Records from a collection -
######

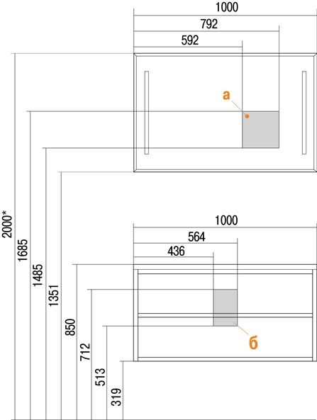 тумба, усиленный кронштейн для подвески– 2; ящики с механизмом демпфирования– 2; коврики против скольжения– 4; раковина - отдельно
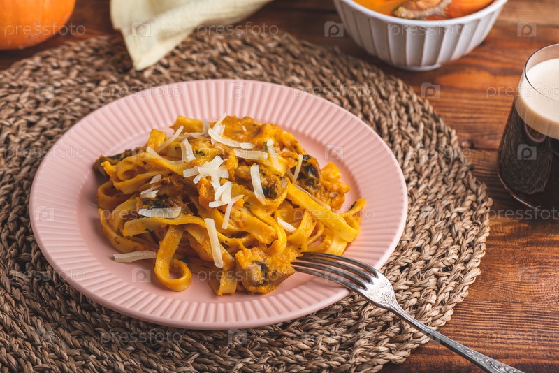 Паста Феттучини с тыквенным соусом и грибами
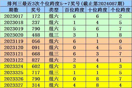 第2023324-第2023326期奖号:602、717、790,其下期奖号为:314,末位号码跨度为4;
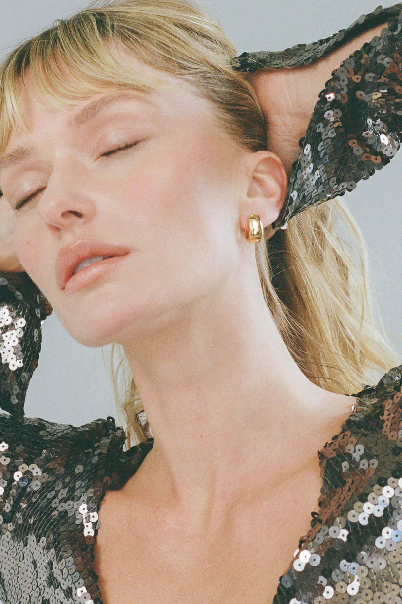 Introducing our new everyday icons, Blog Huggies. 18k gold vermeil with a sterling silver base. All Porter pieces are water-resistant, will never rust or turn green, and can be worn in the shower. Light-weight and designed for everyday wear featuring a seamless ear pin for a concealed look.
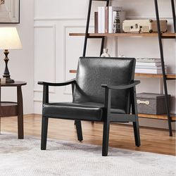PU Leather Accent Chair, Mid-Century Modern Armchair with Solid Wood Legs, Reading Leisure Chair with High Back for Living Room Bedroom Waiting Room, $69Norwalk, CA
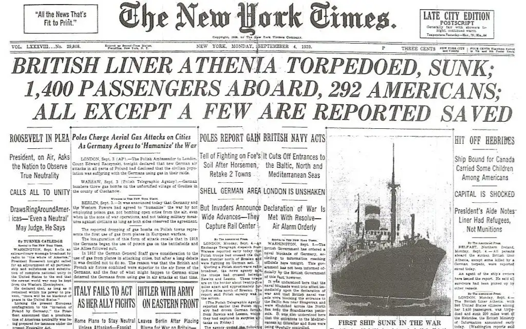 В тот самый день, когда была объявлена война немецкая подводная лодка U-30 вышла к северо-западному побережью Ирландии. На ее борту находилось 11 торпед и 44 лучших подводников, готовых к «охоте». В тот же день пассажирский пароход «SS Athenia» вышел из Британского порта и взял курс на Канаду. Многие из сотен его пассажиров спасались от гитлеровского вторжения в страны Западной Европы.
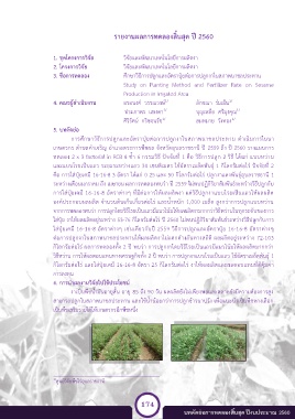 ใส่ปุ๋ย งาให้ผลผลิตอยู่ระหว่าง 53-76 กิโลกรัมต่อไร่ ปี 2560 ไม่พบปฏิกิริยาสัมพันธ์ระหว่างวิธีปลูกกับการ

######

To do - Return all the data exactly, and keep the pictures out.

Written answer -
 тумба, усиленный кронштейн для подвески– 2; ящики с механизмом демпфирования– 2; коврики против скольжения– 4; раковина - отдельно
 Паста Феттучини с тыквенным соусом и грибами
 第2023324-第2023326期奖号:602、717、790,其下期奖号为:314,末位号码跨度为4;
 Introducing our new everyday icons, Blog Huggies. 18k gold vermeil with a sterling silver base. All Porter pieces are water-resistant, will never rust or turn green, and can be worn in the shower. Light-weight and designed for everyday wear featuring a seamless ear pin for a concealed look.
PU Leather Accent Chair, Mid-Century Modern Armchair with Solid Wood Legs, Reading Leisure Chair with High Back for Living Room Bedroom Waiting Room, $69Norwalk, CA
 В тот самый день, когда была объявлена война немецкая подводная лодка U-30 вышла к северо-западному побережью Ирландии. На ее борту находилось 11 торпед и 44 лучших подводников, готовых к «охоте». В тот же день пассажирский пароход «SS Athenia» вышел из Британского порта и взял курс на Канаду. Многие из сотен его пассажиров спасались от гитлеровского вторжения в страны Западной Европы.
 ใส่ปุ๋ย งาให้ผลผลิตอยู่ระหว่าง 53-76 กิโลกรัมต่อไร่ ปี 2560 ไม่พบปฏิกิริยาสัมพันธ์ระหว่างวิธีปลูกกับการ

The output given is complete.